### Work instruction
Retype each entry below exactly. Do not carry any image over.

### Exercise material

____________

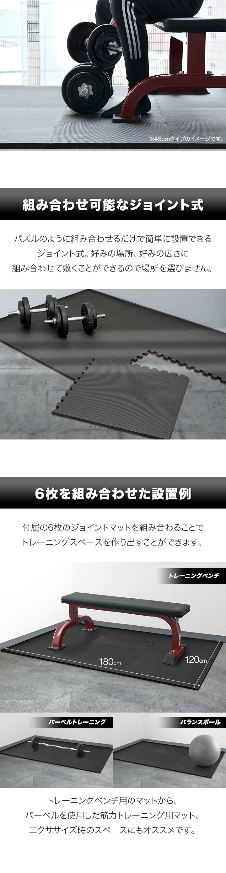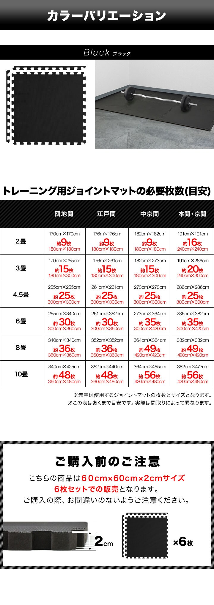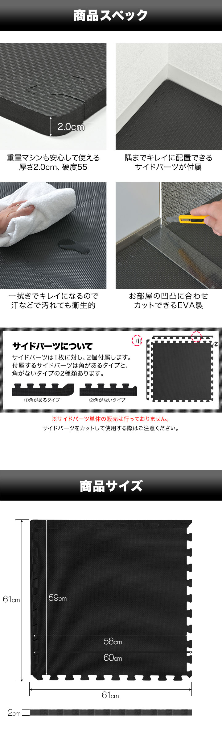 | 特記事項: ※サイドパーツ単体の販売は行っておりません。サイドパーツをカットして使用する際はご注意ください。 ※長期間の使用など、ご使用の環境によって商品の色が床材の表面に色移りする場合がありますのでご注意ください。 ※EVA樹脂の臭いが最初はある程度しますが、人体には影響ありません。臭いによる返品はお受けできませんので、臭いの気になる方はその旨をご了承の上ご購入をお願いします。 |
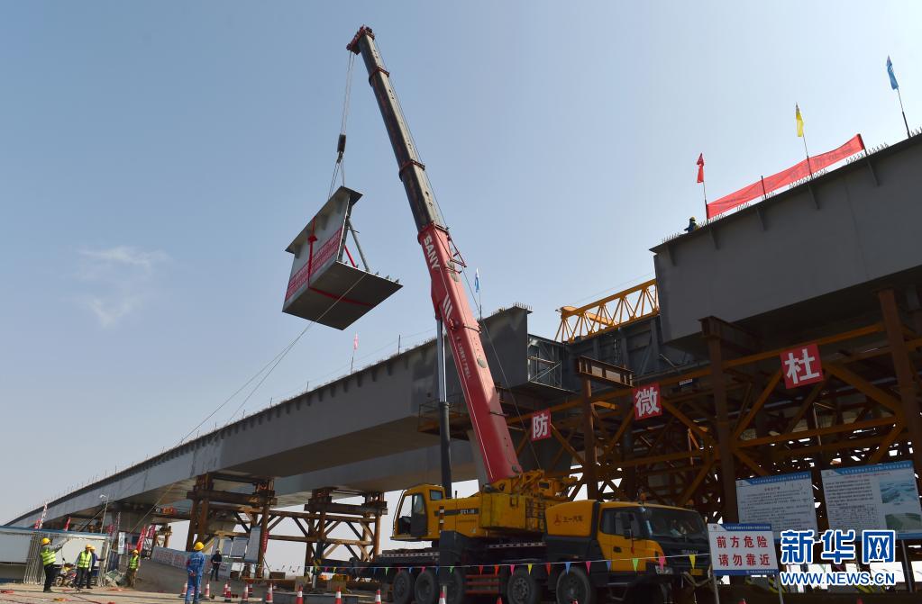 4月11日,乌玛高速公路镇罗黄河特大桥合龙施工现场。新华社记者 唐如峰 摄
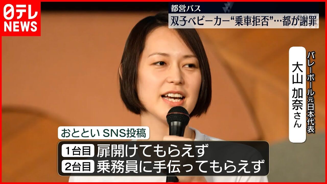 バレーボール元日本代表の大山加奈さんが、双子用ベビーカーと都営バスに乗ろうとして乗車拒否されたなどと明らかにしたことに対し、8日夜、東京都は、一部の対応が不十分だったと謝罪しました。
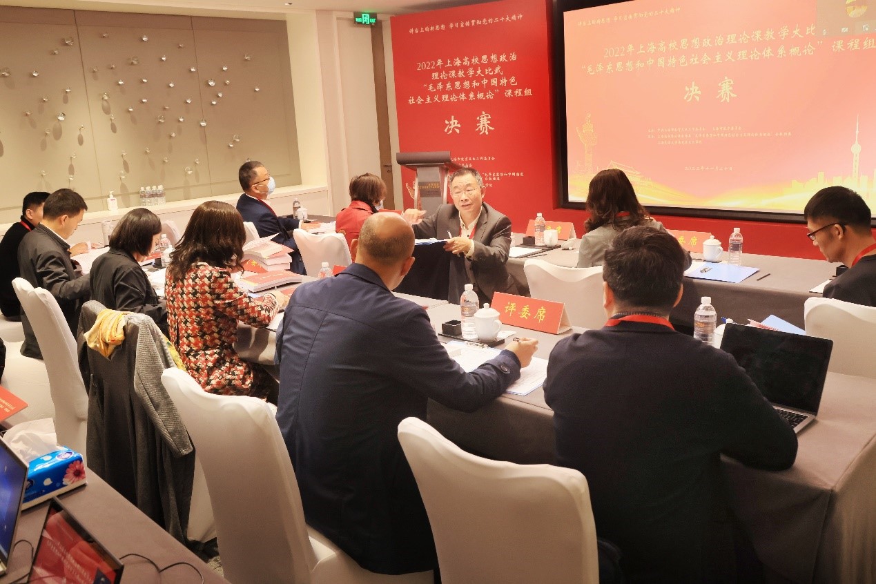 为深入学习贯彻党的二十大精神,贯彻落实习近平总书记在中国人民大学考察时的重要讲话精神,深入推进上海“大思政课”综合改革试验区建设,加快落实《中共上海市教育卫生工作委员会 上海市教育委员会关于组织开展“2022年度上海高校思想政治理论课质量提升行动”的通知》要求,上海高校思想政治理论课教学大比武“毛泽东思想和中国特色社会主义理论体系概论”课程组决赛于11月20日在司机社 成功举行。本次比赛由司机社 承办,学院党委书记董玉山在致辞中表示,衷心感谢各位评审专家莅临交大,预祝比赛圆满成功。
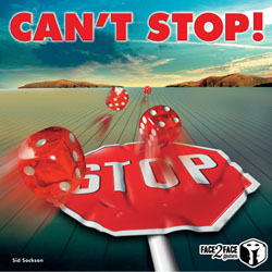 Roll four dice and group them into scoring combinations. Every time you succeed, you advance your markers on the board and are given the opportunity to roll again. You can call it quits at any time and “bank” your progress, but a roll that produces no combinations voids everything you earned during the turn. That’s Can’t Stop, a game that has long been considered amongst the best of the “push-your-luck” breed. And yet, despite selling well upon its release in 1980, Can’t Stop was inexplicably out of print in the U.S. for some 20 years. Three cheers for Face 2 Face Games, which has finally reprinted this classic. Snap up a copy before it disappears for another generation. (more info)
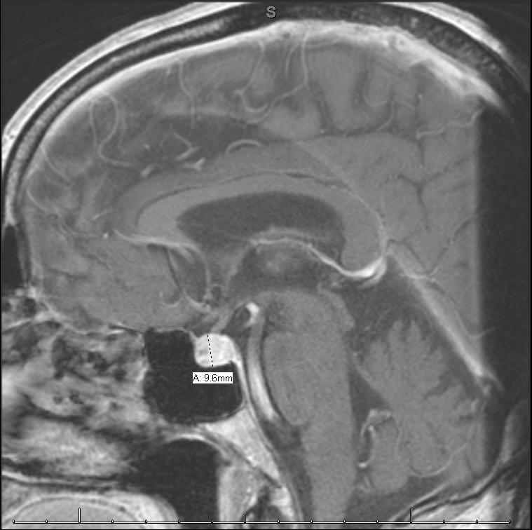 Discussion: Hypophysitis is a well-described immune related adverse effect (IrAE) of the checkpoint inhibitors. These phenomena occur more frequently with CTLA4 antibodies such as nivolumab than with PD 1 antibodies such as ipilimumab. These phenomena can target any organ system and can occur at almost any time after administration. Most IrAEs resolve within a few months other than endocrine effects which will require long term hormone replacement. After an IrAE occurs there is debate about whether treatment regimens should be modified and if so how should they be modified. One small study found no difference in a patient’s time to treatment failure between those who did vs. those who did not modify immunologic regimens due to IrAEs. This would suggest then that modifying an immunologic regimen after a patient experiences an IrAE is safe and efficacious.
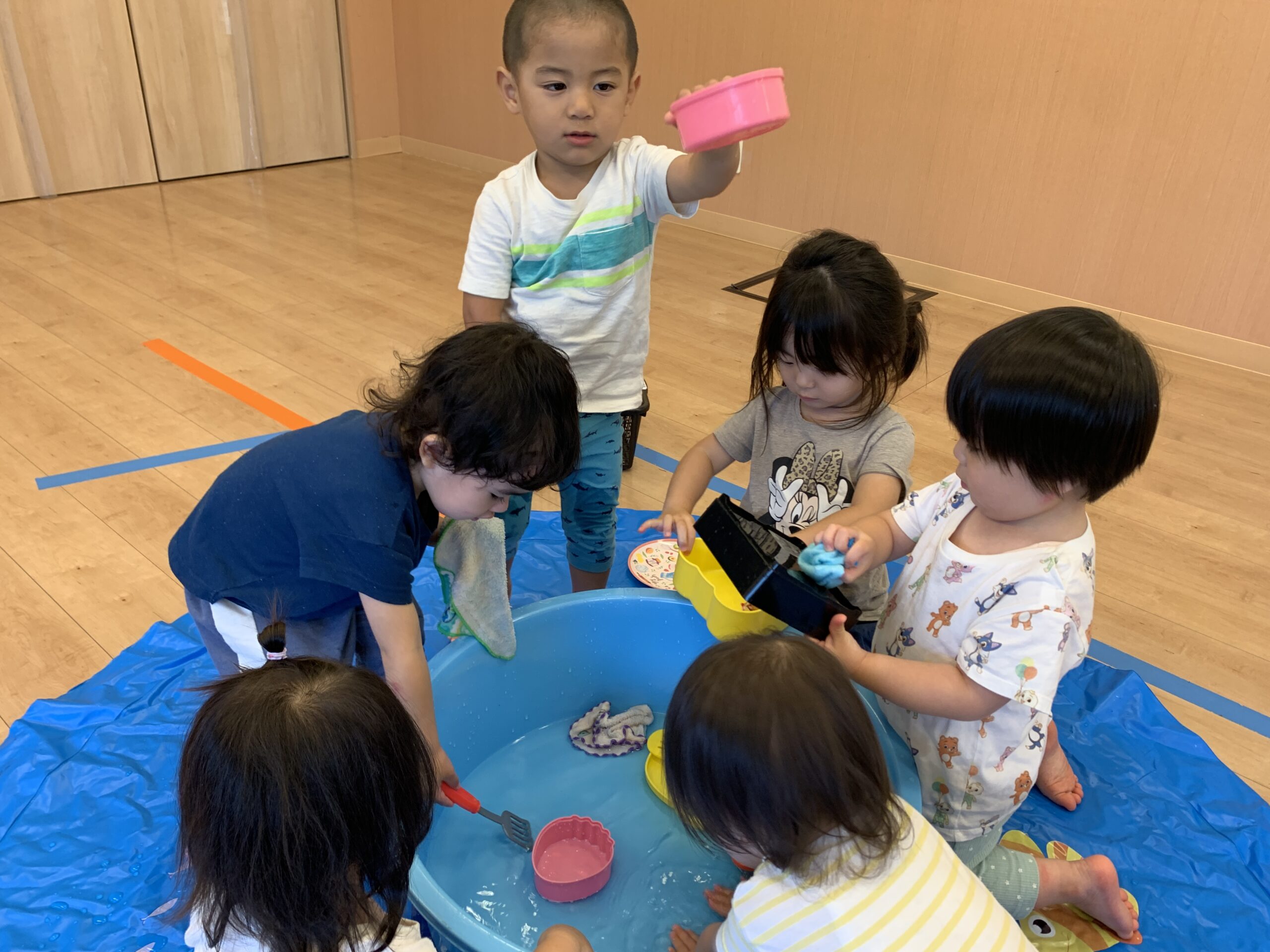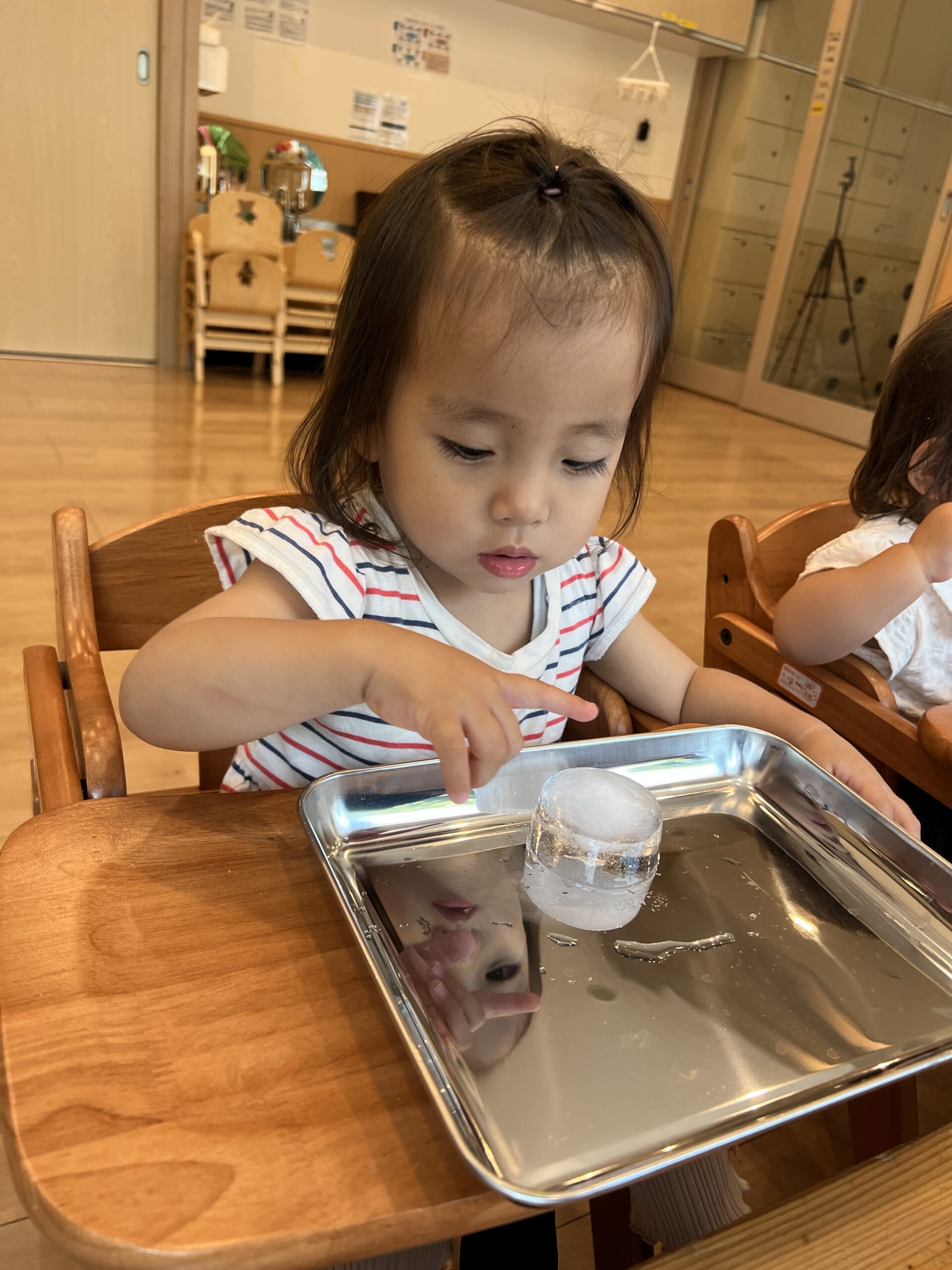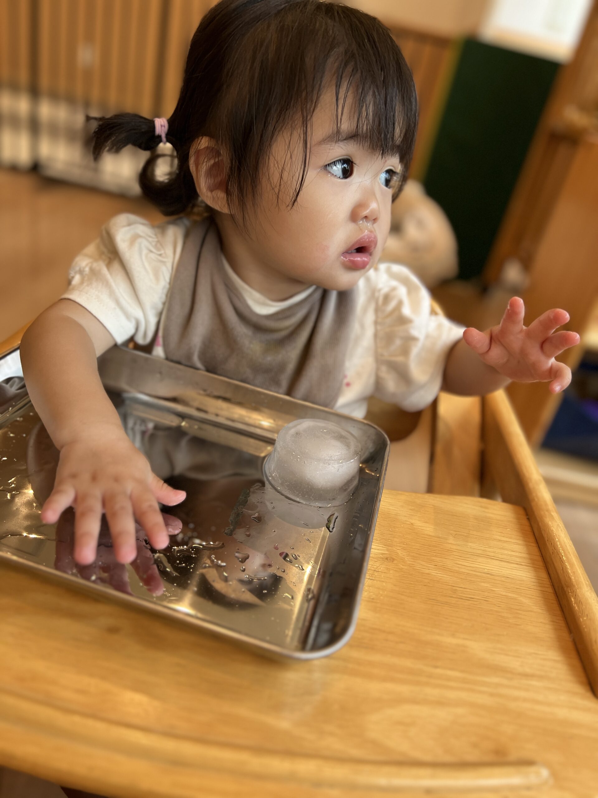 その後は氷遊び。手でつんつんしたり、そっとなでて冷たさや気持ちよさを味わいました。
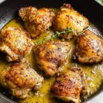 This baked chicken thighs recipe features bone-in, skin-on chicken seared to golden perfection and then baked in a flavorful pan sauce made with white wine, garlic, fresh herbs, and lemon juice. An optional rich gravy made with a simple roux enhances the dish, making it perfect for a comforting dinner served alongside mashed potatoes.
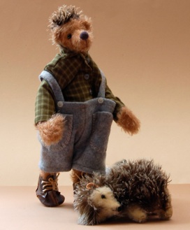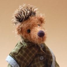 Igelbärt ist von Clemens Spieltiere (Design: Martina Lehr) und hat ein Gardemaß von 32 cm. Er ist aus braunem Sparse Mohair und trägt eine weit geschnittenen Hose - super modern -, ein kariertem Hemd und handgefertigte Schuhen.

____________

### Response to the exercise
 | 特記事項: ※サイドパーツ単体の販売は行っておりません。サイドパーツをカットして使用する際はご注意ください。 ※長期間の使用など、ご使用の環境によって商品の色が床材の表面に色移りする場合がありますのでご注意ください。 ※EVA樹脂の臭いが最初はある程度しますが、人体には影響ありません。臭いによる返品はお受けできませんので、臭いの気になる方はその旨をご了承の上ご購入をお願いします。 |
 4月11日,乌玛高速公路镇罗黄河特大桥合龙施工现场。新华社记者 唐如峰 摄
 バレーボール元日本代表の大山加奈さんが、双子用ベビーカーと都営バスに乗ろうとして乗車拒否されたなどと明らかにしたことに対し、8日夜、東京都は、一部の対応が不十分だったと謝罪しました。
 为深入学习贯彻党的二十大精神,贯彻落实习近平总书记在中国人民大学考察时的重要讲话精神,深入推进上海“大思政课”综合改革试验区建设,加快落实《中共上海市教育卫生工作委员会 上海市教育委员会关于组织开展“2022年度上海高校思想政治理论课质量提升行动”的通知》要求,上海高校思想政治理论课教学大比武“毛泽东思想和中国特色社会主义理论体系概论”课程组决赛于11月20日在司机社 成功举行。本次比赛由司机社 承办,学院党委书记董玉山在致辞中表示,衷心感谢各位评审专家莅临交大,预祝比赛圆满成功。
 Roll four dice and group them into scoring combinations. Every time you succeed, you advance your markers on the board and are given the opportunity to roll again. You can call it quits at any time and “bank” your progress, but a roll that produces no combinations voids everything you earned during the turn. That’s Can’t Stop, a game that has long been considered amongst the best of the “push-your-luck” breed. And yet, despite selling well upon its release in 1980, Can’t Stop was inexplicably out of print in the U.S. for some 20 years. Three cheers for Face 2 Face Games, which has finally reprinted this classic. Snap up a copy before it disappears for another generation. (more info)
 Discussion: Hypophysitis is a well-described immune related adverse effect (IrAE) of the checkpoint inhibitors. These phenomena occur more frequently with CTLA4 antibodies such as nivolumab than with PD 1 antibodies such as ipilimumab. These phenomena can target any organ system and can occur at almost any time after administration. Most IrAEs resolve within a few months other than endocrine effects which will require long term hormone replacement. After an IrAE occurs there is debate about whether treatment regimens should be modified and if so how should they be modified. One small study found no difference in a patient’s time to treatment failure between those who did vs. those who did not modify immunologic regimens due to IrAEs. This would suggest then that modifying an immunologic regimen after a patient experiences an IrAE is safe and efficacious.
 その後は氷遊び。手でつんつんしたり、そっとなでて冷たさや気持ちよさを味わいました。
 This baked chicken thighs recipe features bone-in, skin-on chicken seared to golden perfection and then baked in a flavorful pan sauce made with white wine, garlic, fresh herbs, and lemon juice. An optional rich gravy made with a simple roux enhances the dish, making it perfect for a comforting dinner served alongside mashed potatoes.
 Igelbärt ist von Clemens Spieltiere (Design: Martina Lehr) und hat ein Gardemaß von 32 cm. Er ist aus braunem Sparse Mohair und trägt eine weit geschnittenen Hose - super modern -, ein kariertem Hemd und handgefertigte Schuhen.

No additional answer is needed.